A right to refuse on the grounds of a conscientious belief
3.101
Section 47A of the Exposure Draft Bill introduces the right of
celebrants to refuse to solemnise a same-sex marriage based on 'conscientious
or religious belief'. Under the current Marriage Act, celebrants do not appear
to have the right to refuse to marry a person based on such beliefs. Although
there was some express support for proposed new subsection 47A(1) (see chapter
two), some submitters argued that proposed new paragraph 47A(1)(b) is too
broad.

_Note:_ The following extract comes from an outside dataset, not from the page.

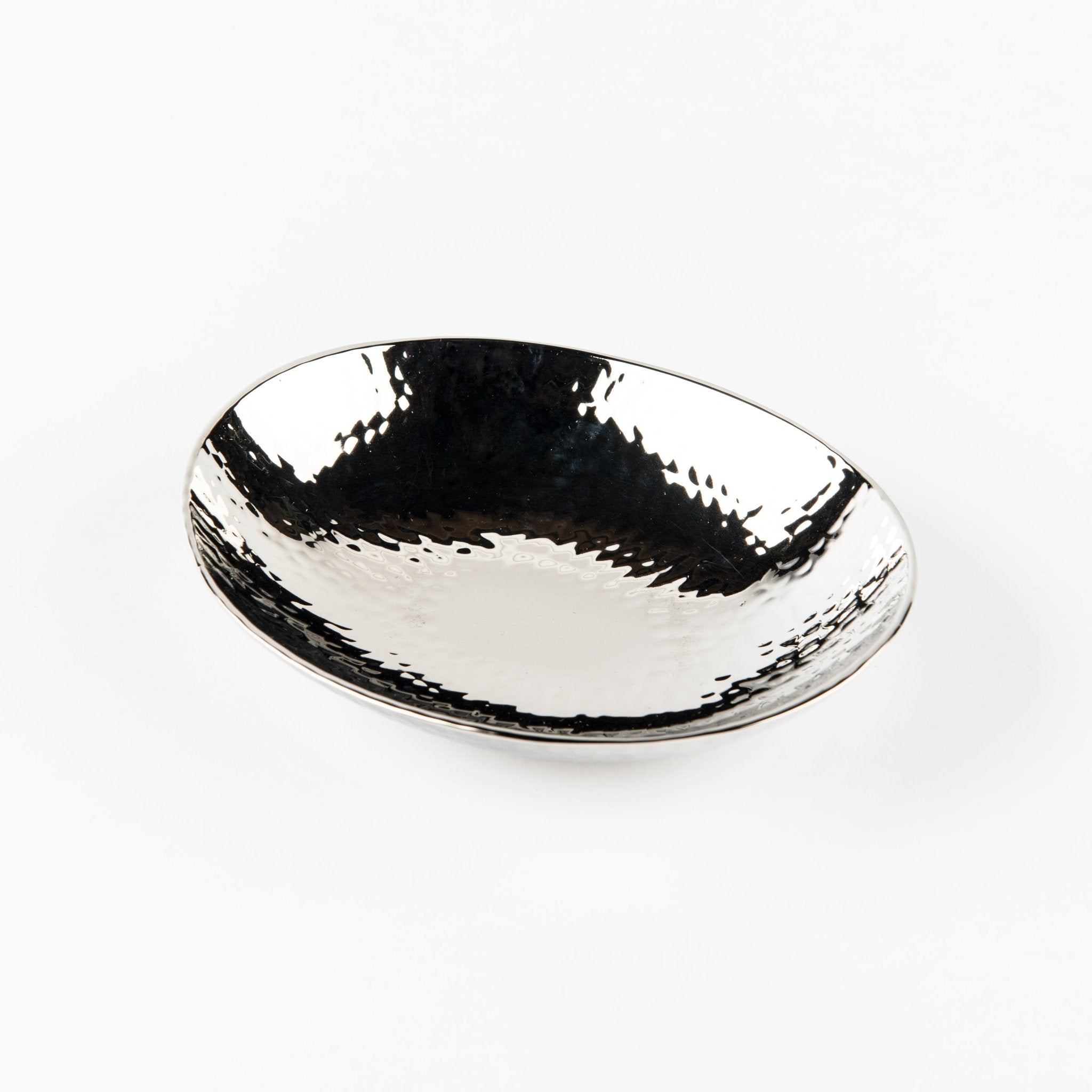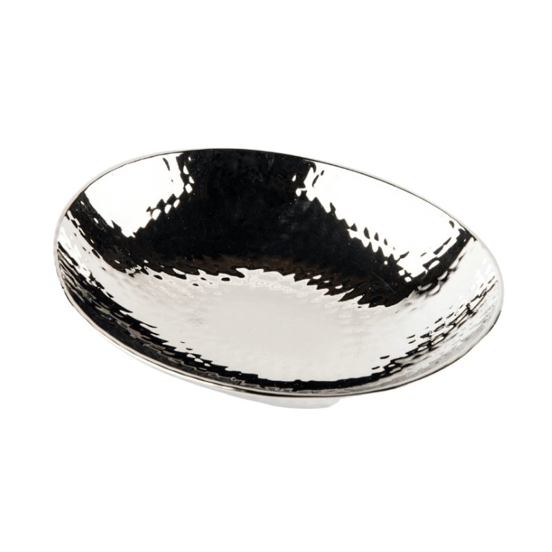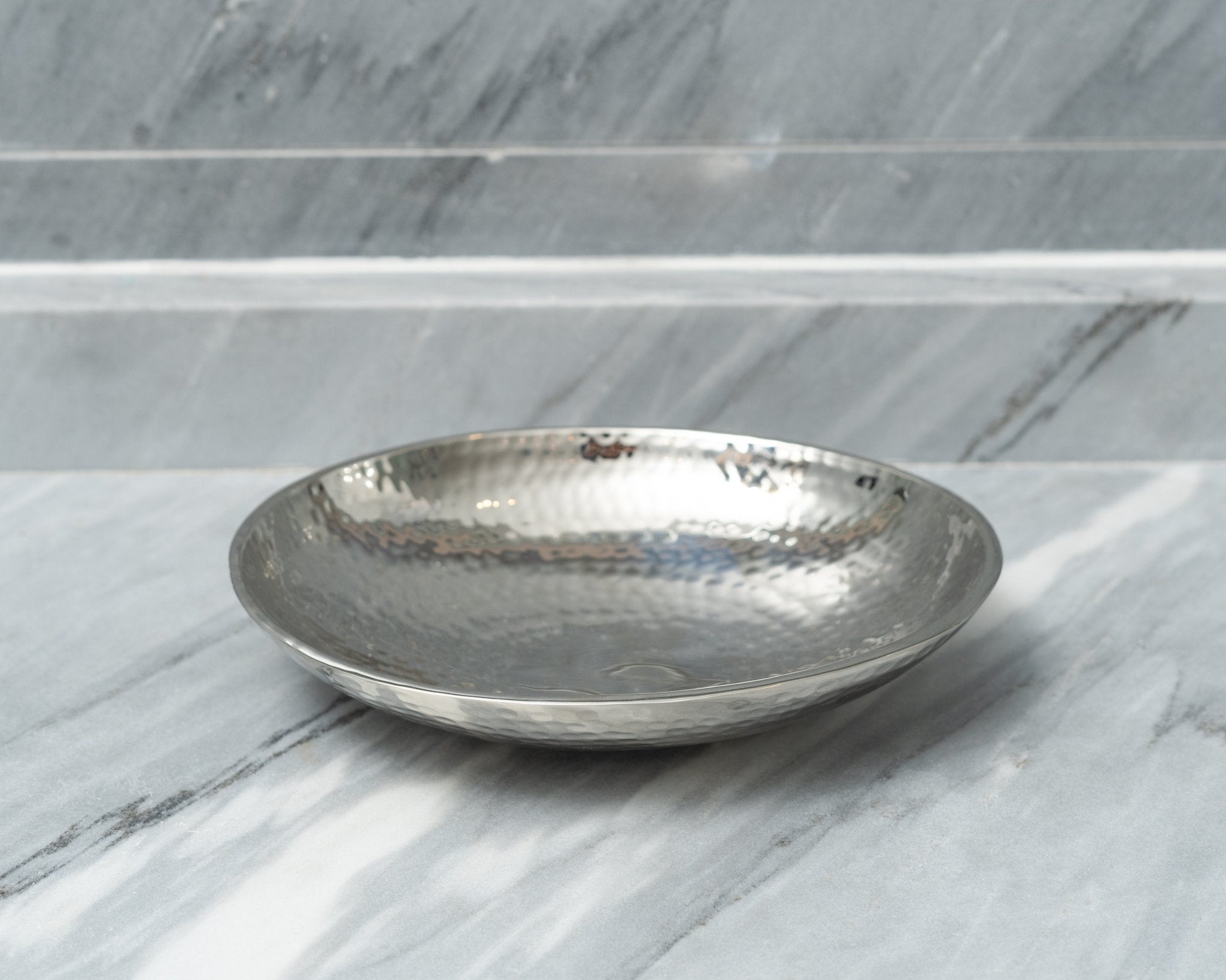 Each piece is individually hand-made from stainless steel and hammered nickel which is then sculpted and polished to perfection. This classic 7" Soap Dish is a great way to add design flair to your bathroom.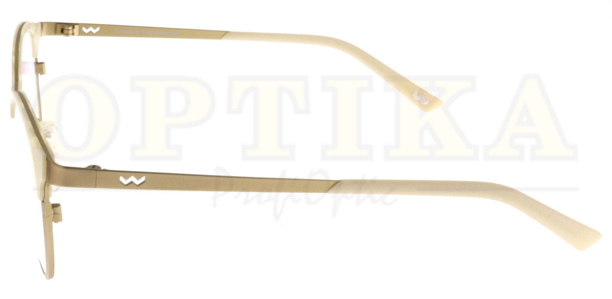 Barva plastové části očnice je matná žíhaná smetanová v elegantní kombinaci s matnou zlatou na kovové části. Stranice jsou matné zlaté s vtlačeným vzorem na koncovkách.

Submitters expressed concern that this would lead to discrimination,
contrary to Article 26 of the ICCPR, and undermined established principles of
Australian anti-discrimination law.
3.102
In General Comment 22 on Article 18, the UN HRC states that the
freedom to manifest religion or conscientious belief may be exercised:
..."either individually or in community with others and in
public or private". The freedom to manifest religion or belief in worship,
observance, practice and teaching encompasses a broad range of acts. The
concept of worship extends to ritual and ceremonial acts giving direct
expression to belief, as well as various practices integral to such acts,
including the building of places of worship, the use of ritual formulae and
objects, the display of symbols, and the observance of holidays and days
of rest.[85]
3.103
The Human Rights Law Centre agreed that religious freedom is both individual
and collective in nature, but that it must be connected to the religion:
...an individual right, but the right is based on religious
belief that is linked back to a particular religious order or religious
denomination.[86]
3.104
Contributors agreed that this was a complex area of law to expand into. The
Anti-discrimination Board of New South Wales described the problem of expanding
the freedom to manifest a belief beyond religion:
Where you have established doctrine of
a church or tenets of belief you can point to that and say: 'This is what the
cannon law says,' or 'This is what the doctrines, as pronounced, guide us
towards how we live our lives.' Where you talk about individual or
conscientious belief that becomes an individual exercise. People's individual
beliefs can change. They can be informed by events. They can be informed by
debate. So it will become an individual view at a particular time, in a
particular set of circumstances.[87]
3.105
The Castan Centre for Human Rights Law submitted that domestic or
international law provides little guidance as to the meaning of the term
'conscientious belief':
As far as we can tell, the term is unique...With no discourse
in international or domestic law to look to for an understanding of the parameters,
this term creates uncertainty and potential to be widely construed. This could
have the effect of unjustly increasing the instances of discrimination against
LGBTIQ couples.[88]
3.106
The Victorian Government pointed out that if civil celebrants were able
to refuse to solemnise a same-sex marriage, Australia would be unique amongst
comparable countries:
It is notable that in the comparable jurisdictions of New
Zealand, the United Kingdom and Canada, civic marriage celebrants do not have
the ability to refuse to solemnise marriages that are not between a man and a
woman.[89]
3.107
Others noted that the proposed ground for exemption would be in excess
of the grounds provided for in paragraph 37(1)(d) of the Sex Discrimination Act,
as well as state and territory equal opportunity and anti-discrimination laws.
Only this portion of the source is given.